Moreover, a similar emulsion which had been subjected to optimum sulfur sensitization and which had a degree of monodispersion of about 92% consisting of cubic grains with an average side length of 0.33 µm was prepared by changing the reaction temperature for grain formation. This emulsion is referred to below as Emulsion (K).
Potassium bromide (0.5 mol%/molAg) and illustrative Compounds (Ill-1)(2x10^-3mol/molAg), (V-1)-(4x10^-5 mol/molAg), (F-7)(1x10^-3mol/molAg) and (II-1)(2x10^-4mol/molAg) were added after the completion of chemical ripening and used in Emulsions (J) and (K).
A green-sensitive layer emulsion was prepared in the following way.
Lime-treated gelatin (30 g) was added to 1,000 ml of distilled water and dissolved at 40 ° C, after which the pH was adjusted to 4.2 with sulfuric acid, 6.5 g of sodium chloride and 0.02 g of N,N'-dimethylethylenethiourea were added and the temperature was raised to 73°C. A solution obtained by dissolving 62.5 g of silver nitrate in 750 ml of distilled water and a solution obtained by dissolving 36.1 g of potassium bromide and 3.8 g of sodium chloride in 500 ml of distilled water were added to and mixed with the aforementioned solution over a period of 40 minutes while maintaining a temperature of 73°C. In addition, a solution obtained by dissolving 62.5 g of silver nitrate in 500 ml of distilled water and a solution obtained by dissolving 25.2 g of potassium bromide and 9.1 g of sodium chloride in 300 ml of distilled water were added to and mixed with this emulsion over a period of 20 minutes at a temperature of 67°C. On observing the emulsion so obtained under an electron microscope, it was found that cubic grains having an average side length of about 0.45 µm had been formed. On measuring the grain size distribution of this emulsion, it was found to be a monodispersed emulsion with a degree of monodispersion of about 89%. The emulsion was washed, desalted and then chemically sensitized optimally using triethylthiourea in the presence of nucleic acid degradation products. The resulting emulsion is referred to below as Emulsion (L).
Moreover, a similar emulsion which had been subjected to optimum sulfur sensitization and which had a degree of monodispersion of 93% consisting of cubic grains with an average side length of 0.33 µm was prepared by changing the reaction temperature for grain formation. This emulsion is referred to below as Emulsion (M).
The illustrative Compounds (III-1)(2x10^-3mol/molAg), (V-26)(6x10^-5mol/molAg), (V-41)-(4x10^-4mol/molAg), (1-2) (6x10^-4mol/molAg) and (III-11)(8x10^-4mol/molAg) were added to and used in Emulsions (L) and (M).
A blue-sensitive layer emulsion was prepared in the following way.
Lime-treated gelatin (30 g) was added to 700 ml of distilled water and dissolved at 40°C, after which the pH was adjusted to 5.2 with sulfuric acid, 8.5 g of sodium chloride and 0.03 g of N,N'-dimethylethylenethiourea were added and the temperature was raised to 73°C. A solution obtained by dissolving 31.25 g of silver nitrate in 750 ml of distilled water and a solution obtained by dissolving 18.6 g of potassium bromide and 1.6 g of sodium chloride in 500 ml of distilled water were added to and mixed with the aforementioned solution over a period of 40 minutes while maintaining a temperature of 73°C. In addition, a solution obtained by dissolving 93.75 g of silver nitrate in 500 ml of distilled water and a solution obtained by dissolving 42.7 g of potassium bromide and 11.3 g of sodium chloride in 300 ml of distilled water were added to and mixed with this emulsion over a period of 20 minutes at a temperature of 69 ° C. On observing the emulsion so obtained under an electron microscope, it was found that cubic grains having an average side length of about 0.82 µm had been formed.
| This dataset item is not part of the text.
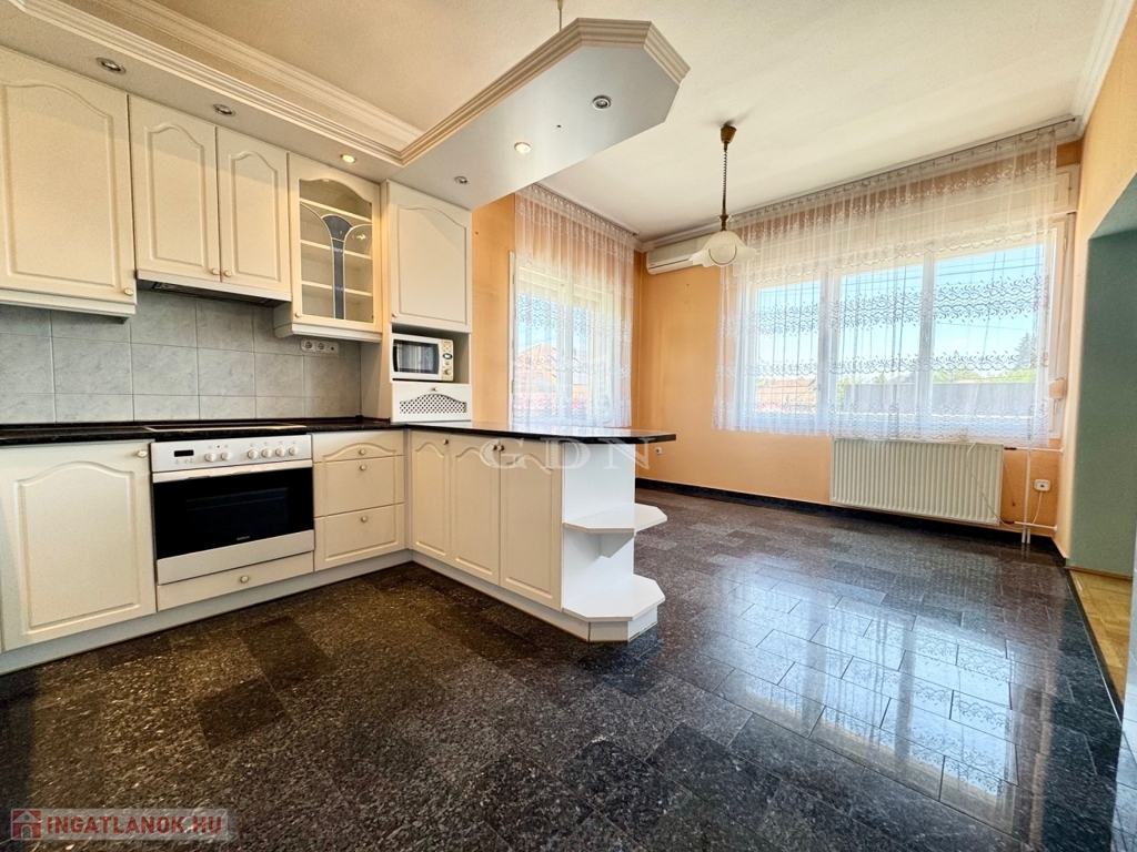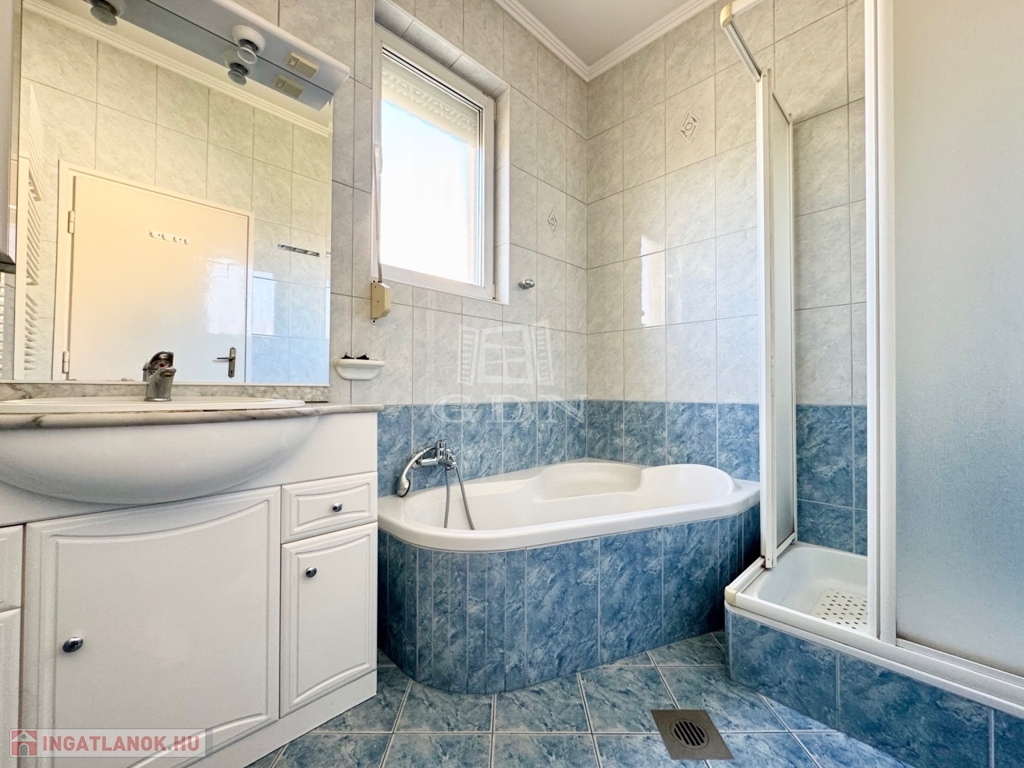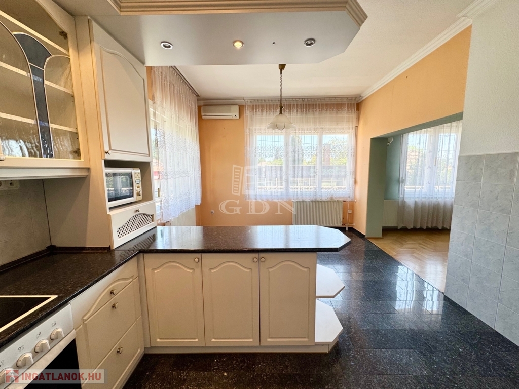 XVI. kerületben, Árpádföld szívében kitűnő ellátottság mellett, 504 nm-es összközműves telken 70-es években épült, 2 szintes, 164 nm-es lakóterületű, 5 szobás, valamint egy különálló részben felújításra szoruló, 43 nm-es összkomfortos 2 szobás melléképülettel bővített, így összesen 207 nm-es lakóterületű, 5+2 fél szobás, étkezőkonyhás, napos világos DK-i fekvésű, alacsony fenntartású, egyedi mérőórás, (2 db gázórával rendelkezik), dupla gázkazán fűtésű, jó állapotú TEHERMENTES, AKÁR AZONNAL BIRTOKBA VEHETŐ, ikerház fél, beépített gépesített konyhával, közvetlenül a fő épületből megközelíthető garázzsal, elektromos autó töltési lehetőséggel, gondozott kerttel rugalmas költözéssel eladó.

On measuring the grain size distribution of this emulsion, it was found to be a monodispersed emulsion with a degree of monodispersion of about 92%. The emulsion was washed, desalted and then chemically sensitized optimally using triethylthiourea in the presence of nucleic acid degradation products. The resulting emulsion is referred to below as Emulsion (N).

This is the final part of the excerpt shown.